David Stolp

David Stolp.gif

David Stolp, often known by his nickname pieguy, is widely regarded as the best player in Chip's Challenge and one of the most influential and revolutionary Chipsters that has existed. He announced his retirement from competitive play on April 2nd, 2014, but has made some occasional reappearances since then.

Levels in official packs

CCLP3

CC scores

His score in CC1, an astounding 5,977,610, was for a time embroiled in a struggle for first place. Andrew Bennett tied him once, but J.B. Lewis, with Andrew's assistance on Blobnet play, gained 2 seconds over David. Then in 2012 after gaining four extra seconds in Lemmings, Spooks, and Amsterdam, he reclaimed the top position. In reply, J.B. Lewis came back over him and gained 1 second over David. Then David gained 5 seconds on Cake Walk to reclaim the top position. For now it seems his top spot is secure. He also has bold on most of the untimed levels.

In CCLP2, David's score of 6,051,140 is the highest total for any player. He holds +9 against anyone else on Checkerboard II, +4 on Cloner's Maze, and +5 on Key Color.

He is also first place on the CCLP3 MS leaderboard with a score of 6,093,980. Here he holds several exclusive records: +2 on Complex, +47 on Grand Prix, and +1 on Bug Arranging.

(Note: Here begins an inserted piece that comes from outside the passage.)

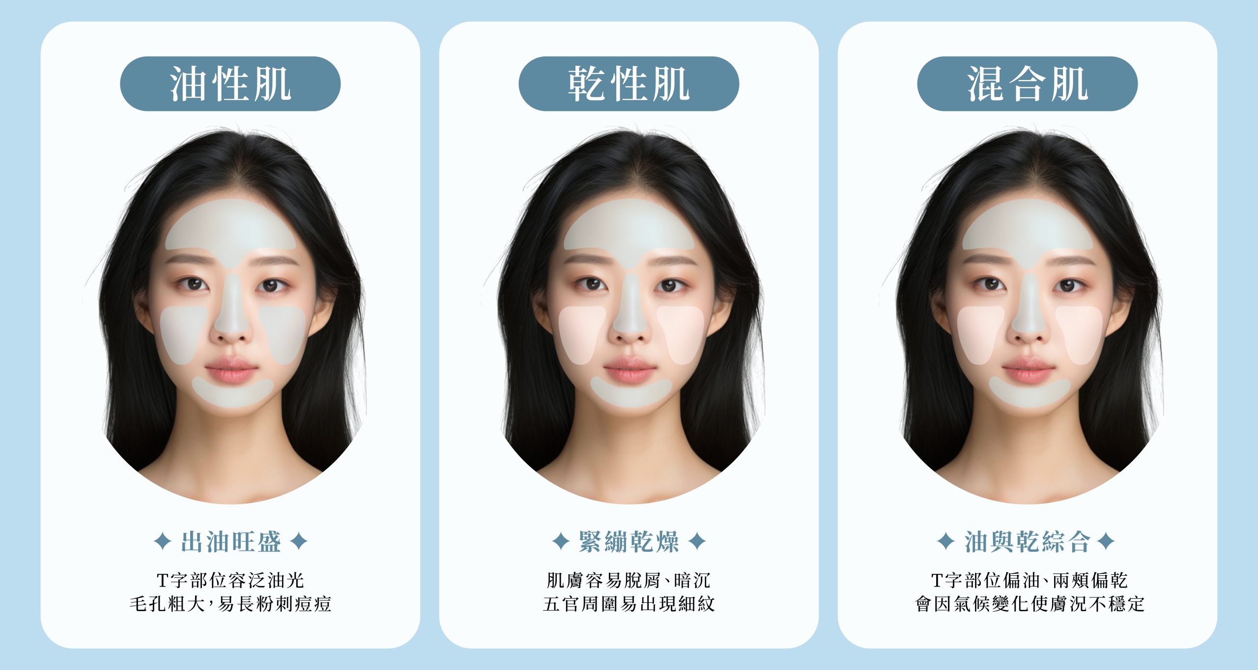 - 混合性肌膚:可針對不同部位調整清潔與保養強度,幫助油水平衡。

He has not submitted any scores for CCLP1 or CCLP4 as he announced his retirement just as CCLP1 was released.

Community contributions

Level design style

  • Befitting his nickname, almost every level of his creation contains a connection to the number pi somewhere. The character is often drawn in the level, but also the digits themselves can manifest in several ways, like a required sequence of steps to complete it (as in lesson 3.141592653589793238 and organized chaos).
  • Some of the more famous levels utilize advanced coding (including the most insane level ever!), glitches in Chip's Challenge which are often exclusive to one version of the game only, weird anomalies, and other crazily hard challenges. The result of this is often that specific and exact movements are required in specific directions (including the digits of pi, as described earlier) and in a specific order, even if this is not apparent or simply illogical.
  • It seems apparent that David not only designed levels with a specific type of solution in mind, but also with records that were difficult to attain. A simple level such as Road Block turns out to be a study in interesting ways to gain time using nails. Many times, correct understanding and use of the glitches present in a level will gain an extra second on the clock.
  • David has made several levels exploring the concept of creating a solvable level which takes ages to actually complete. The last level of pi.dat contains 13 rooms of fireballs and varying amounts of ice in them which cause the red buttons to be hit at different times, creating a very long cloning polyrhythm. This sequence will produce fruit only when all 13 glider and fireball clone machines in the southeast area activate in a rhythm where each succeeding monster knocks the next safely east in a domino pattern until the last glider detonates one bomb. On the 53rd occurrence of this cycle, the button in the corner will remove the bomb at the start, allowing Chip to exit. The total time required to beat this level, appropriately named the end of all time, is more than 314 septillion years (another pi nugget). In his following set, pi^2.dat, the almost identically named last level, end of all time, uses ice blocks for an even longer solution time.
  • In addition to the two levels mentioned above (which in practical terms are unsolvable), there still are a few levels of his that have not been reportedly solved by anybody else. The most obvious ones are impossible, #37 from pi, and back to the drawing board, #11 from computer.dat, both of which really are unsolvable. Then there are bugs from #8 in pi-rejects.dat (which should not be confused with its later version found at #9 of pi.dat), and the five final levels of minustwo.dat, called E, F, G, H, I, which all share the same layout but with a decreasing number of blocks to help solve the level.
  • In addition to getting into the enviable habit of rarely reporting inoptimal scores on levels, from the start of his level making career, David had an aversion to updating any of his released levels. This can be seen from never having updated the first releases of his major sets even though some levels contain minor mistakes. For example, the tank area in Color Wheel from #35 of pi.dat was not quite as he intended it to be, but instead of updating the set, he included the intended version as a new level in pi^2, which was then later updated to the version now found in CCLP3.